Samenwerking en onderlinge afstemming essentieel

Om de beschikbare ruimte goed te benutten is samenwerking en afstemming met verschillende partijen essentieel. Terlien: “We kunnen niet onder grote ingrepen uit, ook niet aan onze hoofdinfrastructuur. Als je kijkt naar de Oude Lijn waar viaducten breder moeten voor extra spoor, kan de NS tien dagen niet rijden. Dan moet je een alternatief aanbieden. Zijn er nog andere werkzaamheden aan de weg gepland? Kun je reizigers omleiden of op een andere manier naar hun bestemming krijgen? Die alternatieven vind je alleen door samen af te stemmen.”

“We bespreken de mogelijke oplossingen aan verschillende tafels. Zo zijn we als provincie betrokken bij het programma Mobiliteit en Verstedelijking (MoVe), waar we samen met infrastructurele netwerkbeheerders en vervoerders uit de zuidelijke randstad kijken naar een versterking van mobiliteit en de regionale economie. Ook schuiven we aan bij de Metropoolregio Rotterdam Den Haag waar we veel spreken met wethouders van grote steden. Ook vragen we doen we de woningbouwprogramma’s per gemeente uit. Hierdoor kunnen we gezamenlijk kijken wat waar nodig is door te prioriteren en goed te plannen. Zo zorgen we dat de provincie bereikbaar blijft.”
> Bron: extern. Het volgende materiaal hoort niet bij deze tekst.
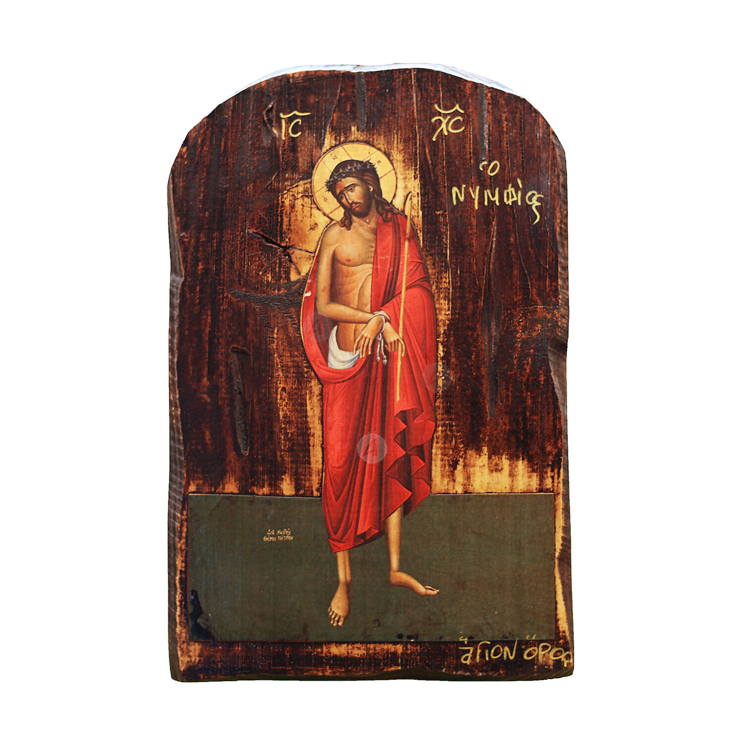Mount Athos weathered lithography (icon) of Jesus Christ Nimfios in pine wood with carved decoration.

Het wordt steeds drukker in de provincie Zuid-Holland. De economie groeit en dat trekt meer mensen en bedrijven aan. Nu al maken zo’n 3,7 miljoen mensen iedere dag gebruik van de infrastructuur om naar hun werk, opleiding, school of naar het sportveld te gaan. Ook trekken allerlei evenementen, de kust en musea een hoop bezoekers naar de provincie.

Tegelijkertijd zoeken meer mensen een huis en is er krapte op de woningmarkt. Om dit woningtekort op te lossen, wil het kabinet voor 2030 900.000 nieuwe woningen bouwen. Ruim 230 duizend hiervan moeten in Zuid-Holland komen te staan. Een groot deel van deze huizen in grote steden als Rotterdam en Den Haag en langs de Oude Lijn (spoorlijn van Leiden naar Dordrecht). Hier gaat het vooral om bijbouwen van betaalbare huizen voor mensen met een middeninkomen en sociale huurwoningen.